Saturday, 6 June 2026

La Famiglia: The Great Mafia War


La Famiglia is a little unusual. It is a game for exactly four players (like mahjong!), and it is played in teams of two. You are mafia families in Sicily, and you compete to control the most regions. You win immediately when you control 5 regions, or your team controls 6 regions. If no one achieves this after four rounds, the team controlling more regions wins. 


Every region on the map has three spaces. You need to control two out of three spaces to control a region. On the map the cubes are your gangsters. You can build drug factories which help you make money and boost your defence. You have cars which help you in offense. You have boats that give you mobility to attack more distant spaces. 

Every round consists of a planning phase and an execution phase. Two planning boards are used in the planning phase. There are player discs and neutral discs on one board, and on your turn you must move one to the other board. The space you move it to determines the action you get to perform, for example earning money, recruiting gangsters, deploying gangsters, buying cars and placing order tiles. Depending on whose disc you move and the space you move it to, there may be costs involved. This mechanism is actually worker placement but a little more elaborate. 

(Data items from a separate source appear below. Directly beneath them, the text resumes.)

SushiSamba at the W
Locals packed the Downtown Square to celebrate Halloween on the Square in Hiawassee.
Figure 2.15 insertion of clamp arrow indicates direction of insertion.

In the execution phase you reveal order tiles that have been placed on the map during the planning phase, and you execute them. This is when attacks take place. Not all order tiles are for attacking. Some are for defending. Fighting involves no dice. Being the attacker you can choose to use a brute force approach to resolve the attack, which is deterministic. However if you want to achieve better results, e.g. losing fewer people in the process, you can take a gamble and play a little mind game. This involves players playing cards face down and then they choose how to apply the opponent's card - to the opponent or to themselves. The end result might be better, or it can also be worse than using brute force.


Every player has a player board. One of the things you can do is to remove discs from your player board. This upgrades your abilities, for example making your car bombs more destructive. When you improve beyond certain thresholds, you unlock new order tiles that are better than the basic ones you start with. Notice that the families in the games are a little different. They have different advanced order tiles. 

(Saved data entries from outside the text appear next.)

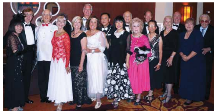
The Los Angeles Convention attendees.
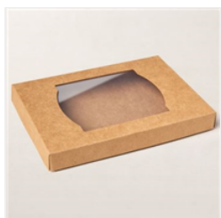
Kraft Gift Boxes - 156569
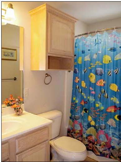
master bath ensuite full bath with tub/shower combo
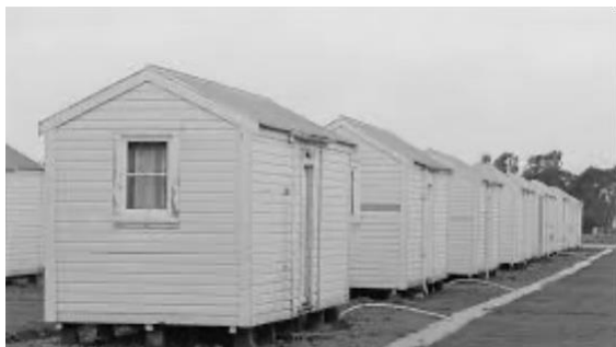
Photo below: What a beautiful view that will be taken away if the Christchurch Act Club goes ahead..
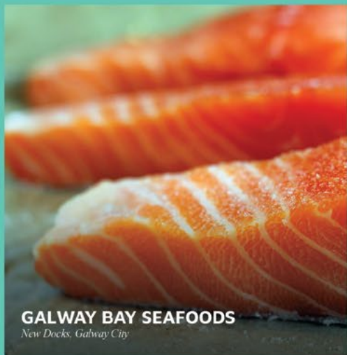
GALWAY BAY SEAFOODS New Docks, Galway City
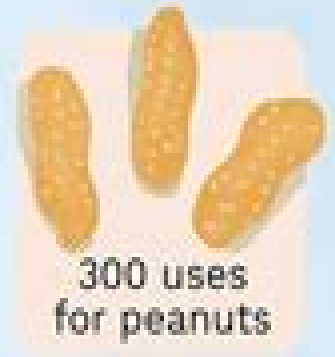
300 uses for peanuts
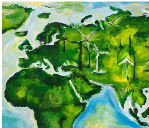
Figure 5. Green leapfrogging.
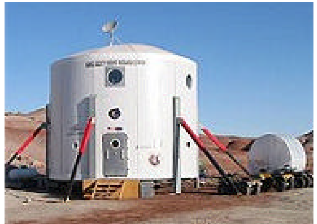
The Mars Desert Research Station in Utah.
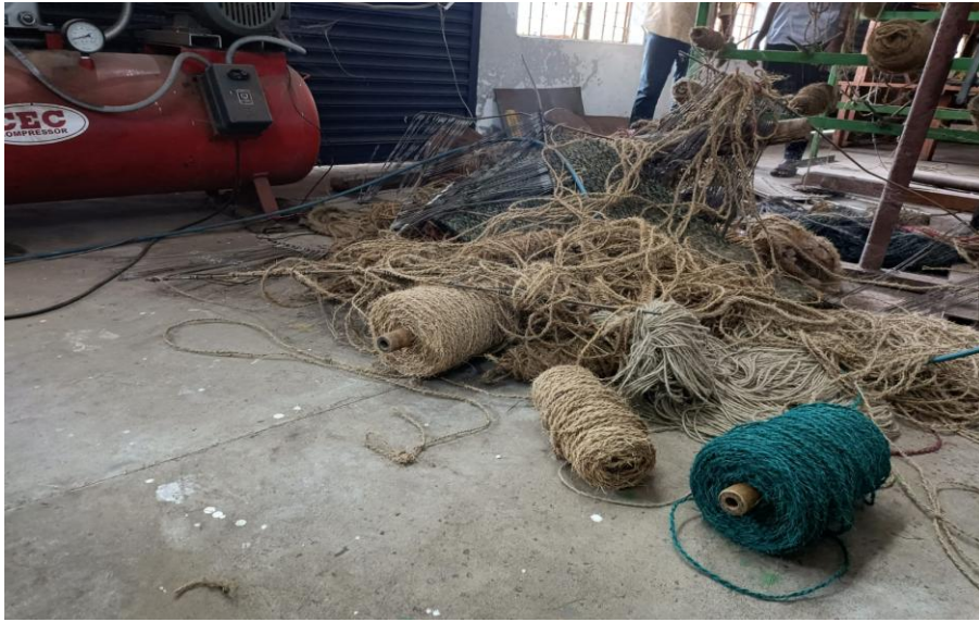
Cleaning In Progress
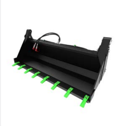
4 in 1 bucket
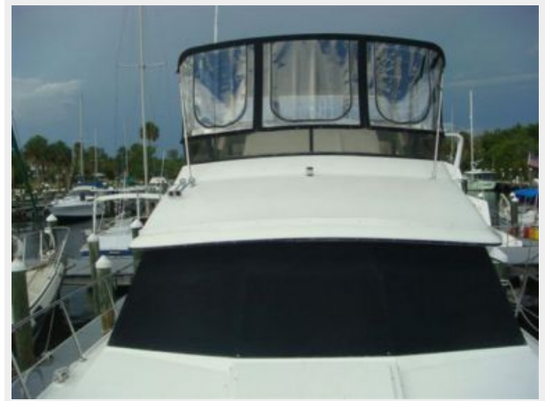
38' Carver foredeck aft
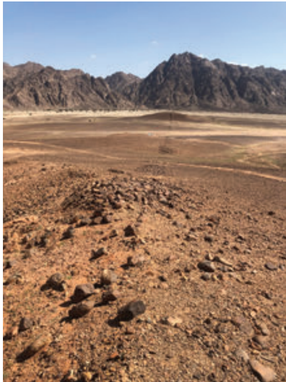
أ. منشأة مما قبل التاريخ شيدت على هيئة صف مستقيم a. Megalithic rectilinear and prehistoric structure identified during prospection (BD2019a171B).
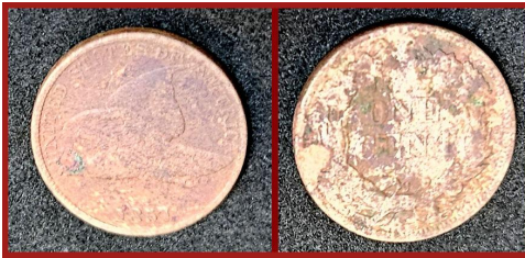
Coin Single Gage Dover
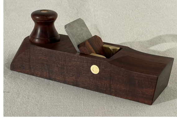
HNT Gordon block plane in Gidgee wood
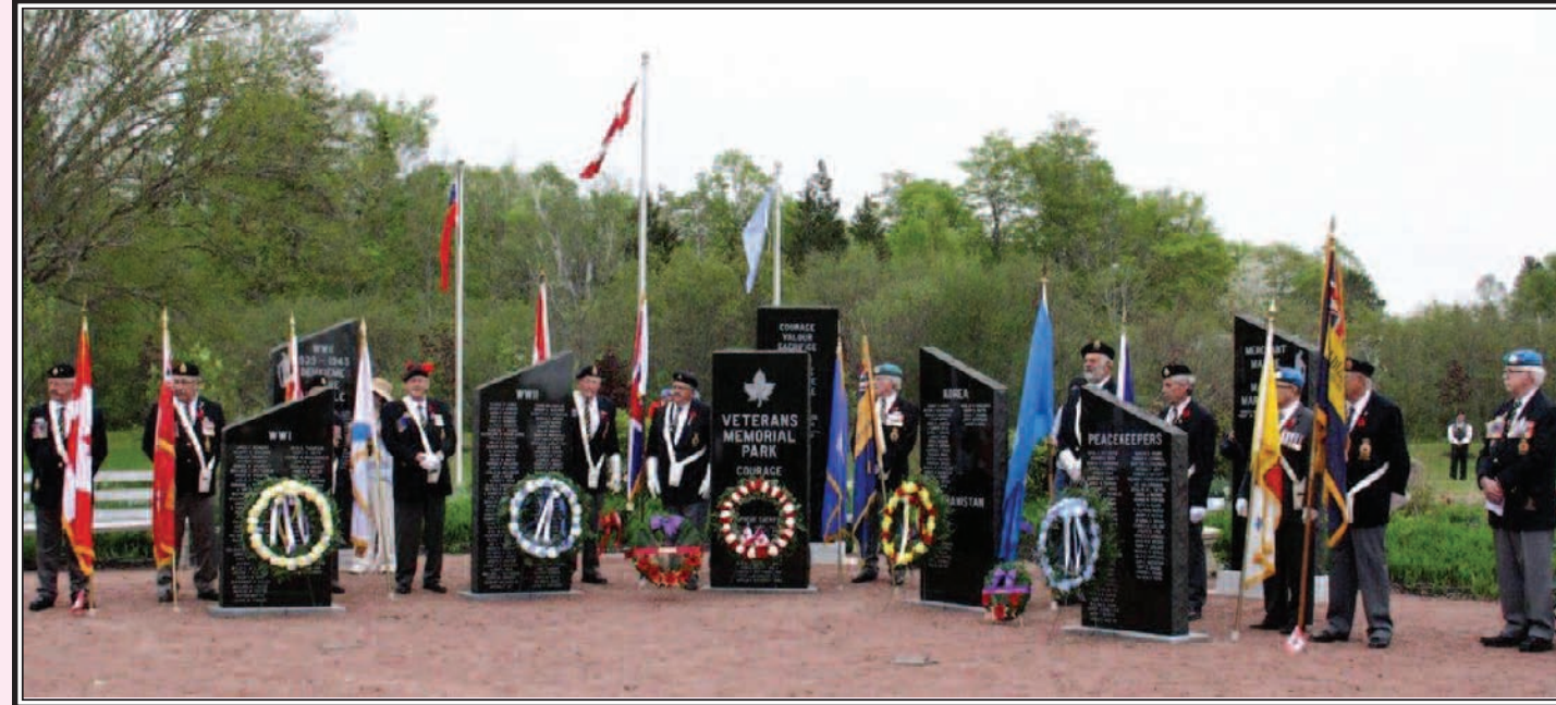
Legion Colour Party following the laying of wreaths.
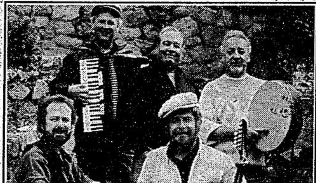
THE IRISH ROVERS • Oct. 4-6, 1993 • Sponsor - IBM Canada Ltd.

MUSIC SERIES I Subscribe for only $79.00

When you control regions, you enjoy special bonuses, for example, allowing you to recruit more gangsters. You can choose these bonuses but you need to coordinate this with your partner because you can’t both take the same one. These region bonuses allow you to customise your play.

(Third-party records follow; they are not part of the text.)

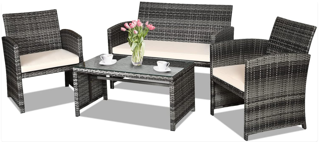
Image: The complete Goplus 4-Piece Rattan Patio Furniture Set, showcasing the loveseat, two single chairs, and coffee table with beige cushions.
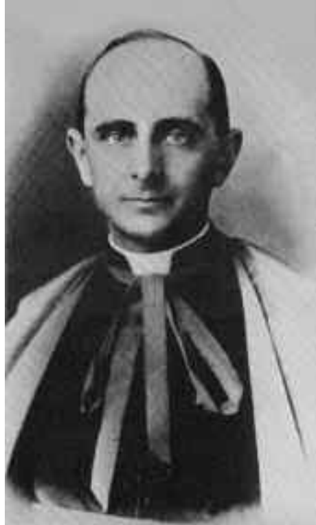
Msgr. Montini in the '30s.

From the archives of the Italian Ministry of the Interior, it appears that the FUCI National Ecclesiastical Assistant, Msgr. Montini , had been caught, with a person of the same sex,
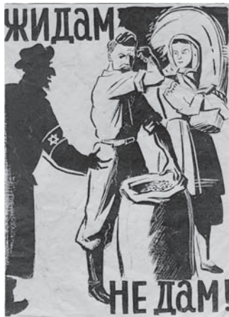
FIGURE 2.5 German Ukrainian-language anti-Jewish poster: “We will give nothing to yids!”

Immediately upon arrival, the German occupation authority made every effort to drive a wedge between local civilians and Jews. The standard orders posted in newly conquered zones read: “Should anyone give asylum to a Jew or let him stay overnight he, as well as the members of his household, will be shot by a firing squad immediately.” 25 Besides these notices, anti-Jewish placards were posted everywhere: “We will give nothing to yids!” “There is no place for yids among you! Out with the yids!” “The yid is your eternal enemy!”
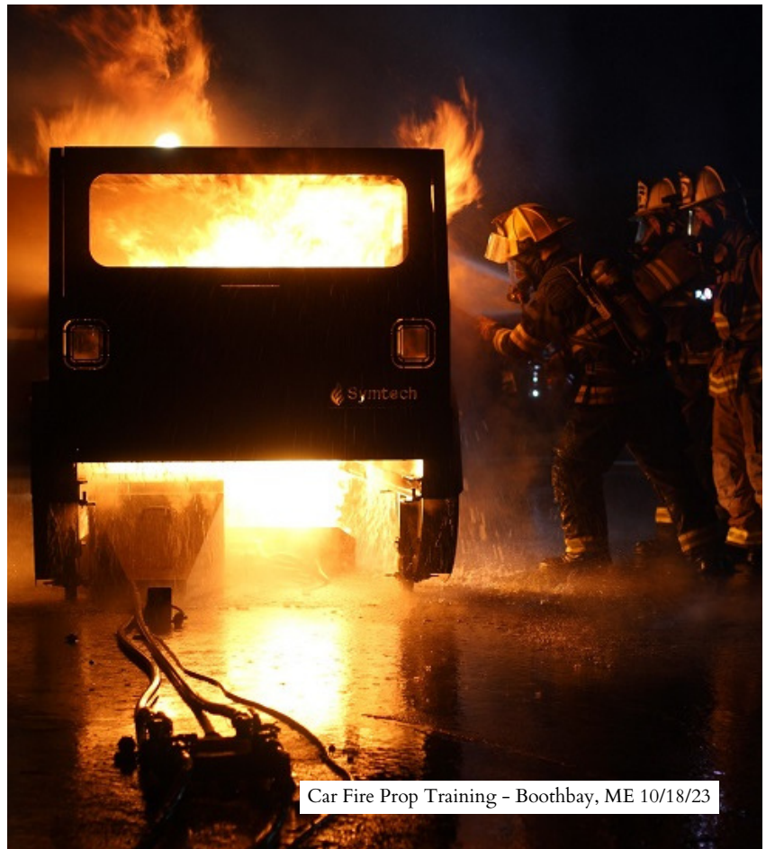
Car Fire Prop Training – Boothbay, ME 10/18/23

We are currently working on dates for the Red Maze and the new car fire prop for next spring. If you are a municipal fire instructor, state fire instructor, training officer, please check back for these fliers. Sign up and get qualified on these valuable training props!
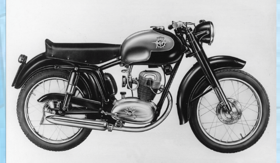
MV 125 Turismo Rapido - 1956
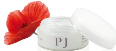
Velvet Mousse With Lotus Flower And poppy
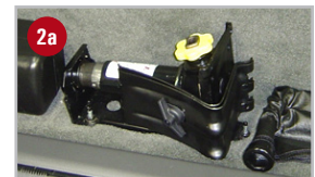
Remove wheel blocks from jack, then loosen jack.
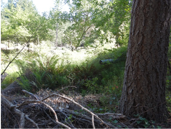
Photo 5: a pond outlet of the pond at inspection point WQ3, installed high threatening streambed scouring and sediment delivery.
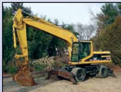
'01 CAT M320

2001 CATERPILLAR M320 Rubber Tired Excavator , s/n 6WL00725, Cat 3116T dsl, hydrostatic trans, 9' dipper stick, JRB hydraulic quick coupler, hydraulic beyond, digging bucket, EROPS with ac, and (4) hydraulic outriggers. In good condition with fair tires.

This is generally a dudes on a map game, an area control game. You have to manage two important resources - money and gangsters. You attack, you defend. You do your best to control regions. There are neutral pieces on the map. In our game, I didn’t attack them much, because the other team was the bigger threat to me. In hindsight I should not have taken such a simplistic approach. After all, the goal is region control, not killing enemies. This is almost a perfect information game. The main uncertainties are the order tiles which are placed face-down, and the little mind game you can choose to play when you attack. There is much strategising and planning you can do. The game is confrontational. It is also calculative due to how deterministic most of the game is. The art is colourful, but make no mistake. This is a pretty serious game. 

I first saw the game at Essen 2024, and it's pretty!